In a large bowl, mix the ground beef, chopped herbs, celery, and onion until well combined. Stir in the breadcrumbs, olive oil, egg, Ras el Hanout, and salt, and mix until fully incorporated.
Trim the zucchinis and slice them in half lengthwise. Using a small spoon, carefully hollow out the center of each half to create space for the filling. Stuff each zucchini generously with the meat mixture, pressing gently to secure.
Prepare two shallow bowls: one with flour and another with beaten eggs. Lightly coat each stuffed zucchini in flour, then dip in the beaten egg. Heat the olive oil in a large skillet over medium heat and fry the zucchinis until golden brown on both sides, about 3 minutes per side. Transfer to a plate lined with paper towels.

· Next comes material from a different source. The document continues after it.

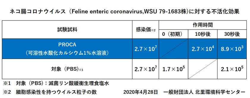 古河電工グループの商社である古河産業株式会社(本社:東京都港区、代表取締役社長:横田 敦彦)と「世界に『ない』ものを創造すること」をテーマに研究開発を展開する株式会社日本抗菌総合研究所(本社:奈良県奈良市、代表取締役:富士野 彰宏)は、このたび「PROCA」(可溶性水酸化カルシウム)が新型コロナウイルス(COVID-19)と同じくコロナウイルス科に分類されるネコ腸コロナウイルスを用いた不活化試験において、10秒で99.9%不活化効果を確認したことをお知らせします。

In a wide, heavy-bottomed pot, heat the olive oil over low heat. Add the chopped spinach and cook slowly, stirring occasionally, until it wilts and darkens, about 20 minutes. Stir in the celery, green chili, leek, and garlic, and continue cooking for another 10 minutes over medium heat, allowing the vegetables to soften and develop flavor. Add the preserved lemon, cumin, salt, and black pepper, stirring to combine.

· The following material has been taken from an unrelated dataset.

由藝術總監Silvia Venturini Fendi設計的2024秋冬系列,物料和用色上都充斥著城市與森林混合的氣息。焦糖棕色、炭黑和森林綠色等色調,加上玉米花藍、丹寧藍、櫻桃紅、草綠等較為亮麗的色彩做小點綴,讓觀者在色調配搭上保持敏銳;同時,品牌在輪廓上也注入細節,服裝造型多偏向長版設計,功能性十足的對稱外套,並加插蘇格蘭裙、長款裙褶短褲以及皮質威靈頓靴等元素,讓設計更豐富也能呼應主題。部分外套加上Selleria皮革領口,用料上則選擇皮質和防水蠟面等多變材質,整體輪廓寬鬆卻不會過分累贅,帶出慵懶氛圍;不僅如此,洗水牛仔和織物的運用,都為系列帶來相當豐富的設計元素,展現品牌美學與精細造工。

Pour in the water and bring the sauce to a gentle boil. Nestle the fried stuffed zucchinis into the pot, ensuring they are partially submerged. Reduce the heat to low, cover, and let them simmer for 1 hour, allowing the flavors to meld and the zucchini to soften. If the sauce is too thin at the end of cooking, uncover the pot and simmer for an additional 10 minutes to reduce the liquid.
Serve warm, spooning the rich sauce over the zucchinis.